» **ASSIGNED TASK**: Could you retype the lines below, starting at the line holding "Оттаивание корневых каналов, запечатанных" and stopping at the line holding "Μαχητικό αεροσκάφος F-15", inclusive? Copy them exactly and drop the images.

» **MATERIAL FOR THE TASK**:
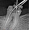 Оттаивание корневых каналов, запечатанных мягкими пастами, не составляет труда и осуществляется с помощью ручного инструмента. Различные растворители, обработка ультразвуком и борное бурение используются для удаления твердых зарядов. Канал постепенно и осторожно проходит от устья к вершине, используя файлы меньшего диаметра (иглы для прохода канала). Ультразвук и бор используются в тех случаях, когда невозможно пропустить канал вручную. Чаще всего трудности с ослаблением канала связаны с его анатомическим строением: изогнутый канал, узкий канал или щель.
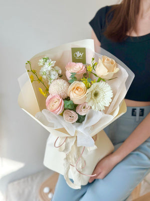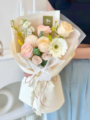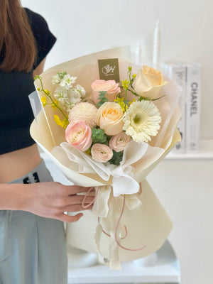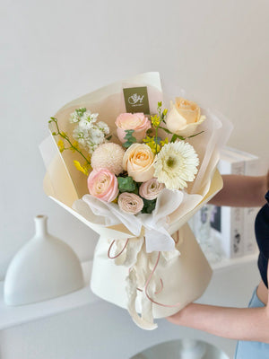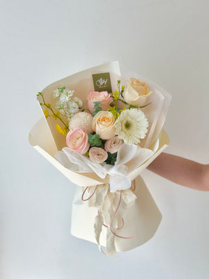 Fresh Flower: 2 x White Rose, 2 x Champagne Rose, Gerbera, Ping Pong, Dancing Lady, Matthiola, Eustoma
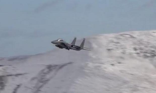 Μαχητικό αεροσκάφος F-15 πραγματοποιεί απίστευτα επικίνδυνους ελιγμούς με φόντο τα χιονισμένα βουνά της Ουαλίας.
---
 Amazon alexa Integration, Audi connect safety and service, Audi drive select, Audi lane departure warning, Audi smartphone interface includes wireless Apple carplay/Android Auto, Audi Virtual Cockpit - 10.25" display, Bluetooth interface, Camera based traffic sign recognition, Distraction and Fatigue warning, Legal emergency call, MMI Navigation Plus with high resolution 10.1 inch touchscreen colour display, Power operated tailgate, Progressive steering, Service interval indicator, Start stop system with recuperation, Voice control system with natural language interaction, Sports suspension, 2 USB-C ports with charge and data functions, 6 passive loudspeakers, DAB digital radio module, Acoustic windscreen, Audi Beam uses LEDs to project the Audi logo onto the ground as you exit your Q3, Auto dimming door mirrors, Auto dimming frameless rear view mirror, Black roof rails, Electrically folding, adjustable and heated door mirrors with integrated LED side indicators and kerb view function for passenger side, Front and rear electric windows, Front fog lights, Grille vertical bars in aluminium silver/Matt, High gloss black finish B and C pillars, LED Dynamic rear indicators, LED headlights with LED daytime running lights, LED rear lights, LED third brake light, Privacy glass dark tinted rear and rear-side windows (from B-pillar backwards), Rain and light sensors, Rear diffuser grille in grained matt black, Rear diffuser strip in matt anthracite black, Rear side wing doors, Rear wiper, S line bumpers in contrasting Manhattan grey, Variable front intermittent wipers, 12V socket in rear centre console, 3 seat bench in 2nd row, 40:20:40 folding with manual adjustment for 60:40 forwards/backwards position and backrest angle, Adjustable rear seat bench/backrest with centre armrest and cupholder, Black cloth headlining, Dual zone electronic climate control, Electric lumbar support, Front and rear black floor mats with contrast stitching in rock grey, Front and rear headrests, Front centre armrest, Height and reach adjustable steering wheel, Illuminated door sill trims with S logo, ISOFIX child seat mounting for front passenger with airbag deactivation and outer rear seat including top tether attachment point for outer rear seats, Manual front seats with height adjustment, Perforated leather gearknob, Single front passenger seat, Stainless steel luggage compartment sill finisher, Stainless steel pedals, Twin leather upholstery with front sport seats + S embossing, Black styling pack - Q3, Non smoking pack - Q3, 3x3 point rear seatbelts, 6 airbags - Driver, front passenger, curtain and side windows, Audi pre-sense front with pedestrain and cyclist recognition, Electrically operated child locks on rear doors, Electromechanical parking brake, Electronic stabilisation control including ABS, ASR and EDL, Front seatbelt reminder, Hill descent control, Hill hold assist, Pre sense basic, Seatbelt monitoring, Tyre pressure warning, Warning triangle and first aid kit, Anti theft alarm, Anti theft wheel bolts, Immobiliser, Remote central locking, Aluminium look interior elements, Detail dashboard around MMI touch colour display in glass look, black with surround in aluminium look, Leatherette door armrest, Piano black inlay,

» **RESULT**:
 Оттаивание корневых каналов, запечатанных мягкими пастами, не составляет труда и осуществляется с помощью ручного инструмента. Различные растворители, обработка ультразвуком и борное бурение используются для удаления твердых зарядов. Канал постепенно и осторожно проходит от устья к вершине, используя файлы меньшего диаметра (иглы для прохода канала). Ультразвук и бор используются в тех случаях, когда невозможно пропустить канал вручную. Чаще всего трудности с ослаблением канала связаны с его анатомическим строением: изогнутый канал, узкий канал или щель.
 Fresh Flower: 2 x White Rose, 2 x Champagne Rose, Gerbera, Ping Pong, Dancing Lady, Matthiola, Eustoma
 Μαχητικό αεροσκάφος F-15 πραγματοποιεί απίστευτα επικίνδυνους ελιγμούς με φόντο τα χιονισμένα βουνά της Ουαλίας.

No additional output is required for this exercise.